Hmmmm....our spy drone did a good job. Buddy and I headed up there next Tuesday to zero in on that special tree top. Today it was on the choctaw and we hit the shellcrackers pretty good although not whoppers. Report later this evening. We got a load of crawfish on the way home so right now the priority is a crawfish boil for supper. Cleaning fish can wait.


----------



## Try'n Hard (Oct 23, 2008)

12 today along with resealing the dock


----------



## FishWalton (Jul 22, 2010)

*Millers Ferry*

We went and we came home empty handed. Series of ill fated mishaps and weather cut the trip short. So we just chalked it up as a learning experience and exploration of new waters in preparation of another time. Was able to view the dam from both sides. Only one boat was fishing below the dam and none above that we could see. We fished many miles upriver from the dam. This is an awesome river compared to the Choctawhatchee.
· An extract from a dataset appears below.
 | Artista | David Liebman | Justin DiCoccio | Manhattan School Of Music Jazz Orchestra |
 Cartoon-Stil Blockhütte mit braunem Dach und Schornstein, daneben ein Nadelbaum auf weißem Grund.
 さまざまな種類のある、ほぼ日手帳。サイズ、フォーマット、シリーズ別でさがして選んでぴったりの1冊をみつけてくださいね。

Maybe 3 or 4 times as wide as the Choctaw in it's widest places and much deeper all up and down the river. Wind on the river was a real factor for us and we noticed a lot more wood and stuff coming down the river than you see on the Choctaw. 
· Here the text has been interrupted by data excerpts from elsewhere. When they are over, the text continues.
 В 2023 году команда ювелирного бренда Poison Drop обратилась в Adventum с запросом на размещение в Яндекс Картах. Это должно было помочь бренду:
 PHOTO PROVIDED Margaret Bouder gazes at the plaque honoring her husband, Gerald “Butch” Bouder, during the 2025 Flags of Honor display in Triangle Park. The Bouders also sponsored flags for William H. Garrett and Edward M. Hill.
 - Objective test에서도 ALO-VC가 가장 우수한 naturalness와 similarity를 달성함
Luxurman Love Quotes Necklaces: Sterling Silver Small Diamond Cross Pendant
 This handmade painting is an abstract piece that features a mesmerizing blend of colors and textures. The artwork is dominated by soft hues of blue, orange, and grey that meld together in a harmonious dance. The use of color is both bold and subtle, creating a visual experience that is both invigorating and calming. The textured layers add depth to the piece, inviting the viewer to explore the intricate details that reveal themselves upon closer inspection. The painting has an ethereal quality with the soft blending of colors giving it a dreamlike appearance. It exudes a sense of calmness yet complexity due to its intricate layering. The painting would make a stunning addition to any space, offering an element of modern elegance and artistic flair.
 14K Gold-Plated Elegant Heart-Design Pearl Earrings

Now it's back to the Choctawhatchee where the bream and cat bite is picking up. Good weather for a few days will put people on the water.


----------



## FishWalton (Jul 22, 2010)

*Back on the Choctawhatchee*

Back on the Choctawhatchee this afternoon. River at a good water level but it was more muddy than I expected. Of course it's rare the Choctaw is not muddy....only in drought situation you see it green in color.

Stopped at a few spots for cats. Didn't venture very far from Bull landing this time. A lot of pecker bites, but managed to put 4 channels in the box...2.5, 1.5, and two smaller. One hand size bream. Cats on shrimp using the Wrap and bream on earthworm. The Wrap gizmo works,, but it's a trade off. Bait in the Wrap lasts a lot longer giving you a better opportunity for a hook-up, but shrimp will work just as well with frequent bait-ups using more shrimp. 

Think I will start saving a few dink bream for catfish bait, but anything larger gets eaten by me and my friends. Would like to catch a 20 pound cat but its not a priority. I have too much fun just fishing and enjoying the outdoors to spend a lot of time chasing bait for big cats and buy all that heavy duty tackle you need. To each his own! Life is good....enjoy it while you can.


----------